> DATA BELOW
┏━━

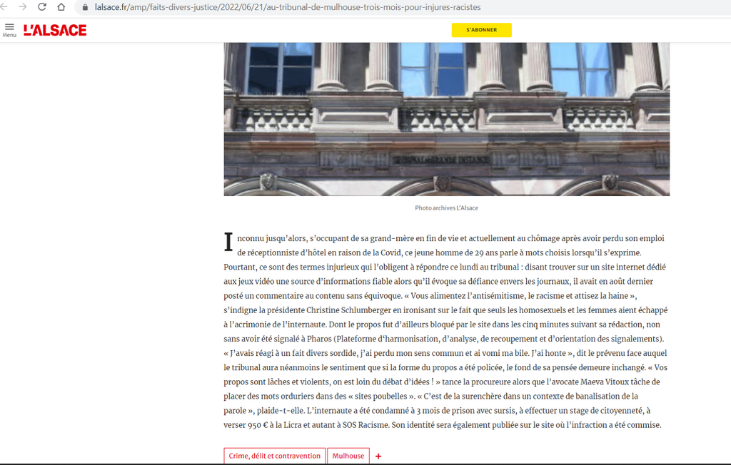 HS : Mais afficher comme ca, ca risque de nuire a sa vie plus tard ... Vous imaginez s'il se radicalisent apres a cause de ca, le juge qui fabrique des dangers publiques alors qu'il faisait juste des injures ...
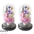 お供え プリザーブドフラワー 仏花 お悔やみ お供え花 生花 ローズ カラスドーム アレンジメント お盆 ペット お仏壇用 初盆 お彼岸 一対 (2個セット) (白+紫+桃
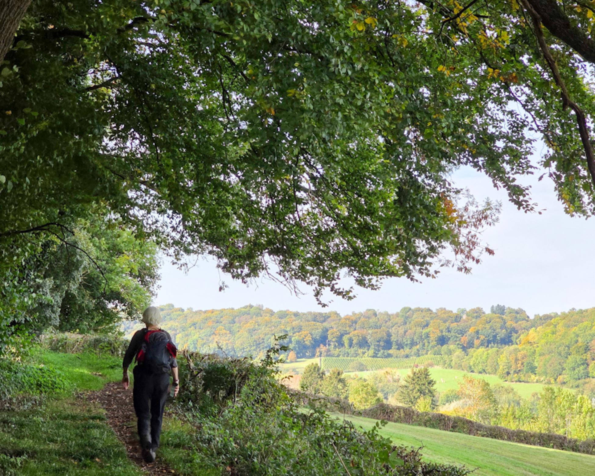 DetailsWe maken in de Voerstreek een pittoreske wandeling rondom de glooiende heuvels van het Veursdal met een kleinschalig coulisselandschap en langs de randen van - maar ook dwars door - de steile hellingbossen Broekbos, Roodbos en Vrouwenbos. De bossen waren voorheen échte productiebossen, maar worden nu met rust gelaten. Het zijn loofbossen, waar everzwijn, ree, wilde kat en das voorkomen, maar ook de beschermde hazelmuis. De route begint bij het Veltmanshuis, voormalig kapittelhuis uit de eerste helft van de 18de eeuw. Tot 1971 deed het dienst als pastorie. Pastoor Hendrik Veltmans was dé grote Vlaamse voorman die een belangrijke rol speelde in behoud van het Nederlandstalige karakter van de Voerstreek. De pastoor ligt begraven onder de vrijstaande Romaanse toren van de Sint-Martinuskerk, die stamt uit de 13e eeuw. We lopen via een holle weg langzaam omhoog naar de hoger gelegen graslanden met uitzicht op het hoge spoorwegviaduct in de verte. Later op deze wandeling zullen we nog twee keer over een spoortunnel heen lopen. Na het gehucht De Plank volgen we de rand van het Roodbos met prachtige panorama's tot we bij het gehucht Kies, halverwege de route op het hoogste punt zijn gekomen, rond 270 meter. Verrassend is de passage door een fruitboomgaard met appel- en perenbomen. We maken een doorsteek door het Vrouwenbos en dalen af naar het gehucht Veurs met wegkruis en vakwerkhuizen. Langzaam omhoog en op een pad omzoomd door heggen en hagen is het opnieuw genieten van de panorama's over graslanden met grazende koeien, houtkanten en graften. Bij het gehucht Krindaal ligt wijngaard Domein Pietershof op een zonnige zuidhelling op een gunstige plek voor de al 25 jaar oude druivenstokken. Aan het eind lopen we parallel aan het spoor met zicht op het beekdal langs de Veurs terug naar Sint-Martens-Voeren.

┗━━

> TASK INSTRUCTIONS
Only the lines from the top of the data through the line with "お供え プリザーブドフラワー 仏花" should be quoted, exactly and with both ends kept; skip the pictures.

> ANSWER BOX
 HS : Mais afficher comme ca, ca risque de nuire a sa vie plus tard ... Vous imaginez s'il se radicalisent apres a cause de ca, le juge qui fabrique des dangers publiques alors qu'il faisait juste des injures ...
 お供え プリザーブドフラワー 仏花 お悔やみ お供え花 生花 ローズ カラスドーム アレンジメント お盆 ペット お仏壇用 初盆 お彼岸 一対 (2個セット) (白+紫+桃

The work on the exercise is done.